Task instructions:
Pictures should be left out while the data beneath this task is written out word for word.

[Collected data entries]
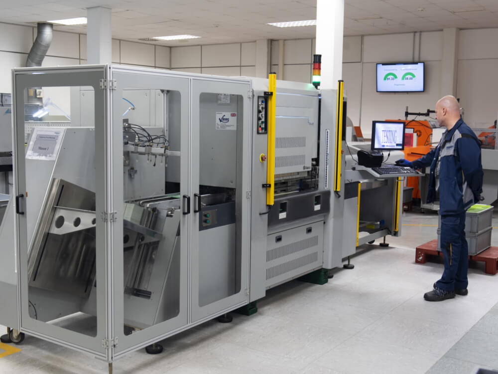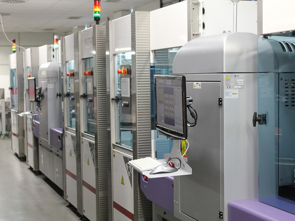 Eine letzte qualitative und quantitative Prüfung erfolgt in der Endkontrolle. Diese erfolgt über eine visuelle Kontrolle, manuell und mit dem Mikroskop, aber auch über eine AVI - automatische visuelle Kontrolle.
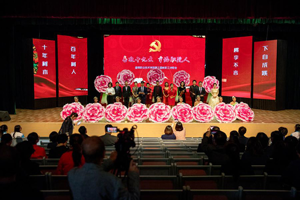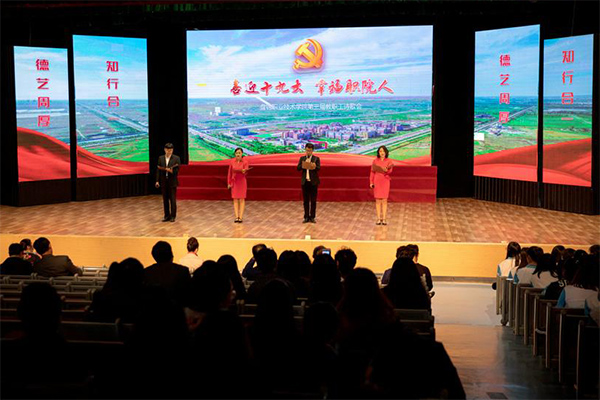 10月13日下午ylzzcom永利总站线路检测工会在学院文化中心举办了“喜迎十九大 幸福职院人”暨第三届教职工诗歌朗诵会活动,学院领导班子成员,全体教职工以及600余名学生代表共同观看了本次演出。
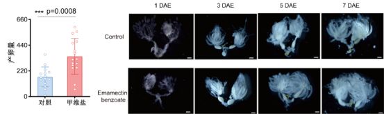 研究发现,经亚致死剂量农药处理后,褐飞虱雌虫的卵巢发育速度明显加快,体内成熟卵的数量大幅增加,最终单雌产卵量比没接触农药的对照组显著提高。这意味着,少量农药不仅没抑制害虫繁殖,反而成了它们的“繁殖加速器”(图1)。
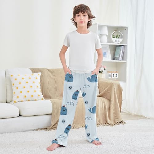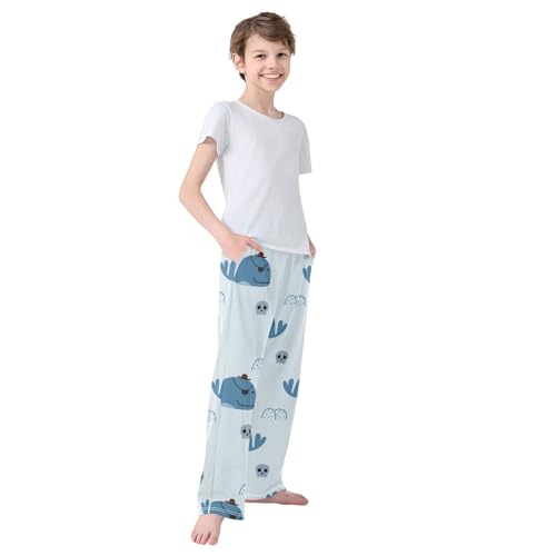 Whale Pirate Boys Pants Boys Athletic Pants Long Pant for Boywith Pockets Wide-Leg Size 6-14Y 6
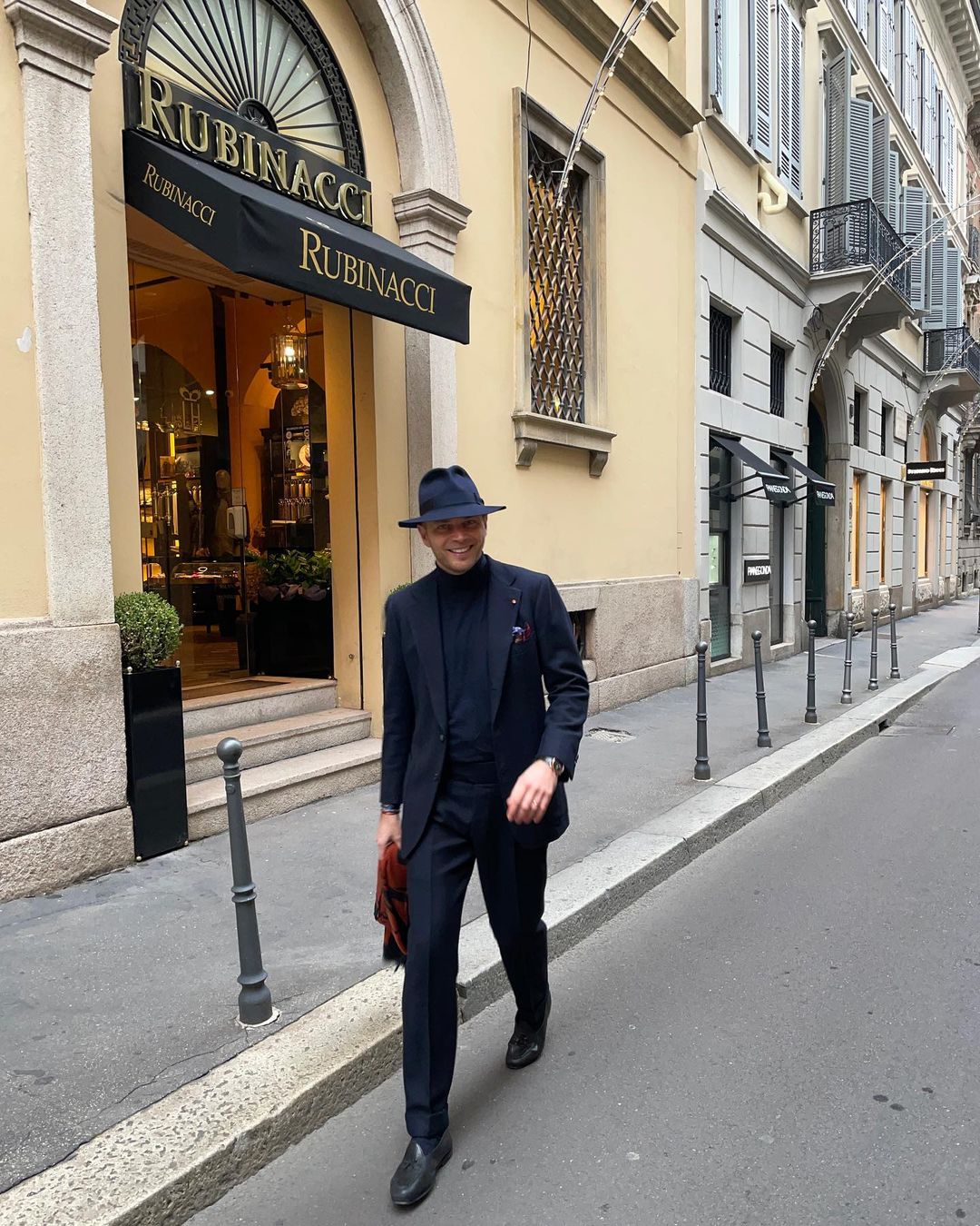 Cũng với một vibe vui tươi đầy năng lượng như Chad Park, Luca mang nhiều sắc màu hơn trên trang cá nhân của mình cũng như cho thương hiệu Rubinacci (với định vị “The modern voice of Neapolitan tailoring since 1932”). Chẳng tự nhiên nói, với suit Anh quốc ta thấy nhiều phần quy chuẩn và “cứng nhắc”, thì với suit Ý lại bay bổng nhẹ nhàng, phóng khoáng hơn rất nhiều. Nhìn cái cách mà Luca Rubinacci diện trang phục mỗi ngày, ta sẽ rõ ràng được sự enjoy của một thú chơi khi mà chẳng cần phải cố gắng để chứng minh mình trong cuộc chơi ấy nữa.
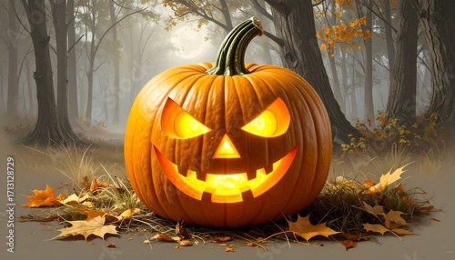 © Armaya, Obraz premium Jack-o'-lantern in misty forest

Solution:
 Eine letzte qualitative und quantitative Prüfung erfolgt in der Endkontrolle. Diese erfolgt über eine visuelle Kontrolle, manuell und mit dem Mikroskop, aber auch über eine AVI - automatische visuelle Kontrolle.
 10月13日下午ylzzcom永利总站线路检测工会在学院文化中心举办了“喜迎十九大 幸福职院人”暨第三届教职工诗歌朗诵会活动,学院领导班子成员,全体教职工以及600余名学生代表共同观看了本次演出。
 研究发现,经亚致死剂量农药处理后,褐飞虱雌虫的卵巢发育速度明显加快,体内成熟卵的数量大幅增加,最终单雌产卵量比没接触农药的对照组显著提高。这意味着,少量农药不仅没抑制害虫繁殖,反而成了它们的“繁殖加速器”(图1)。
 Whale Pirate Boys Pants Boys Athletic Pants Long Pant for Boywith Pockets Wide-Leg Size 6-14Y 6
 Cũng với một vibe vui tươi đầy năng lượng như Chad Park, Luca mang nhiều sắc màu hơn trên trang cá nhân của mình cũng như cho thương hiệu Rubinacci (với định vị “The modern voice of Neapolitan tailoring since 1932”). Chẳng tự nhiên nói, với suit Anh quốc ta thấy nhiều phần quy chuẩn và “cứng nhắc”, thì với suit Ý lại bay bổng nhẹ nhàng, phóng khoáng hơn rất nhiều. Nhìn cái cách mà Luca Rubinacci diện trang phục mỗi ngày, ta sẽ rõ ràng được sự enjoy của một thú chơi khi mà chẳng cần phải cố gắng để chứng minh mình trong cuộc chơi ấy nữa.
 © Armaya, Obraz premium Jack-o'-lantern in misty forest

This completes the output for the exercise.